OBJECTIVE: The objective of the following study is to evaluate the associations between single nucleotide polymorphisms (SNPs) in the Heat Shock Protein 70 (HSP70) gene, gene expression of interleukin-6 (IL-6) and tumor necrosis factor-alpha (TNF-α) and medical intensive care unit (MICU) stay and organ failure in sepsis.
MATERIALS AND METHODS: MICU patients with sepsis were genotyped for rs1061581, rs2227956, rs1008438 and rs1043618 polymorphisms in HSP70 gene using polymerase chain reaction (PCR)-restriction fragment length polymorphism analysis or allele-specific PCR. Messenger ribonucleic acid (mRNA) expression of IL-6 and TNF-α were quantitated in peripheral blood lymphocytes. Outcomes were recorded.
RESULTS: 108 patients (48 male) aged 40.7 ± 16.0 (mean ± standard deviation) years included H1N1 infection (36), scrub typhus (29) and urosepsis (12). Seventy-one (65.7%) had dysfunction of three or more organ systems, 66 patients (61.1%) were treated by mechanical ventilation, 21 (19.4%) needed dialysis. ICU stay was 9.3 ± 7.3 days.
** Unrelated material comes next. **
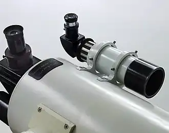 A finderscope is an accessory sighting device used in astronomy and stargazing, typically a small auxiliary refracting telescope/monocular mounted parallelly on a larger astronomical telescope along the same line of sight. The finderscope usually has a much smaller magnification than the main telescope, thus providing a larger field of view, useful for manually pointing (a.k.a. "slewing") the main telescope into a roughly correct direction that can easily place a desired astronomical object in view when zooming in. Some finderscopes have sophisticated reticles to more accurately aim the main telescope and/or even perform stadiametric measurements.
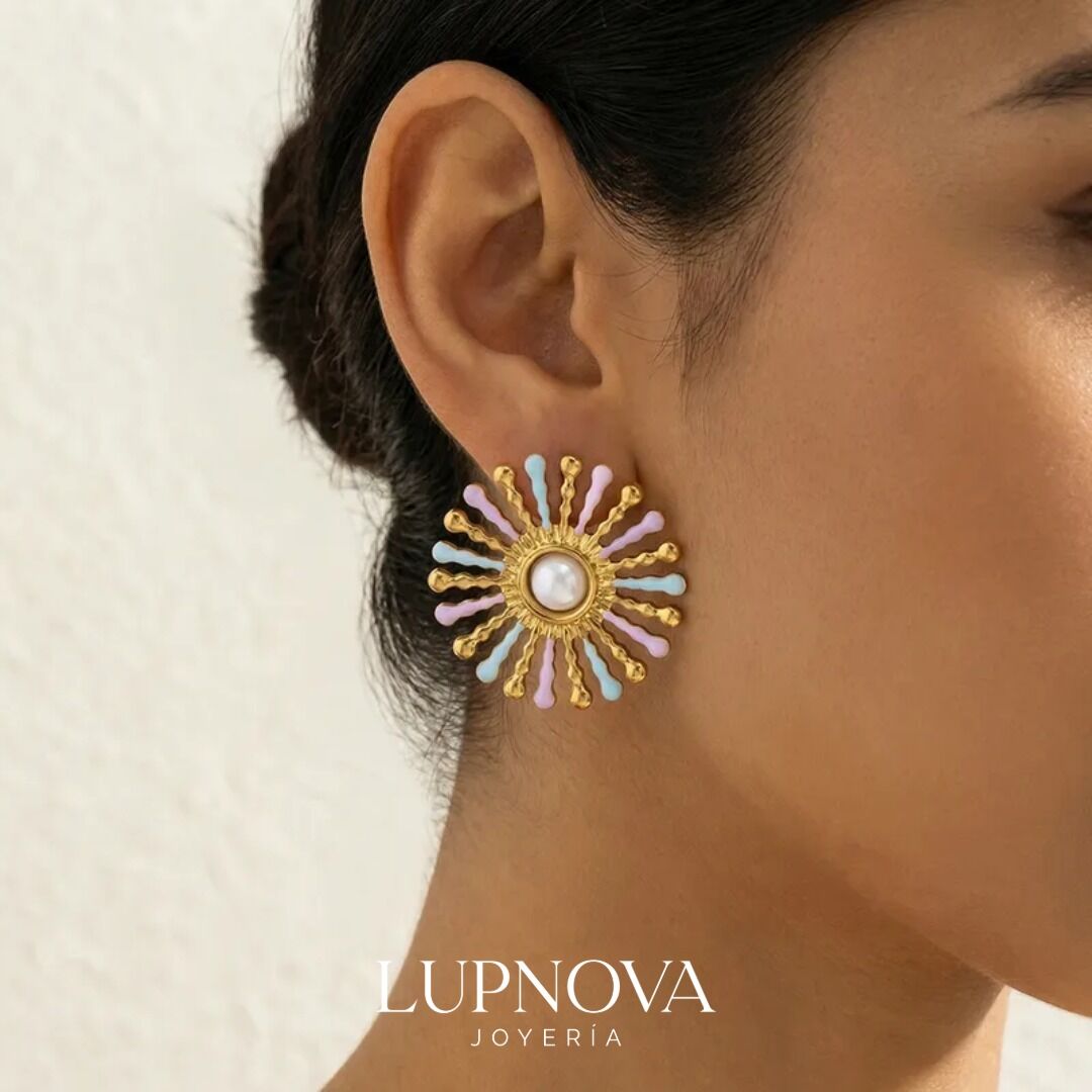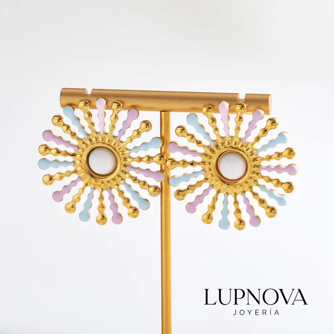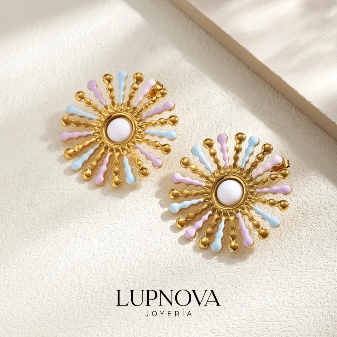 Aretes tipo stud en forma de sol con rayos texturizados y detalles en tonos pastel (lila y celeste), con centro blanco que aporta un contraste elegante. Elaborados en acero inoxidable, son ideales para darle un toque alegre y moderno a tus looks diarios, vacaciones o eventos de día. Perfectos si buscas aretes de sol de acero inoxidable, resistentes, ligeros y fáciles de combinar.

Mortality was 38.9%. One or more SNPs were noted in 101/108 (93.5%) and organ failure was noted in only 1/7 patients without a single SNP. The A allelotypes of rs1061581 and rs1008438 were associated with hematological dysfunction (P = 0.03 and 0.07) and longer ICU stay (P = 0.05 and 0.04), whereas IL-6 and TNF-α mRNA levels were associated with central nervous system dysfunction.
CONCLUSIONS: HSP70 genotypes may determine some adverse outcomes in patients with sepsis.

Introduction

Sepsis, a syndrome characterized by a dysregulated systemic inflammatory response (SIRS) to an infection anywhere in the body, results in an initial outpouring of cytokines and chemokines leading to T cell exhaustion.[1] In SIRS, the ability of the host immune response to regulate itself is impaired leading to an imbalance between pro-inflammatory and anti-inflammatory cytokines. Individuals vary widely in their response to stimuli that elicit inflammation. Most such stimuli are microbial in nature and in recent years, there has been a focus on genetic factors that may determine this variability in response and therefore predispose to sepsis.[2]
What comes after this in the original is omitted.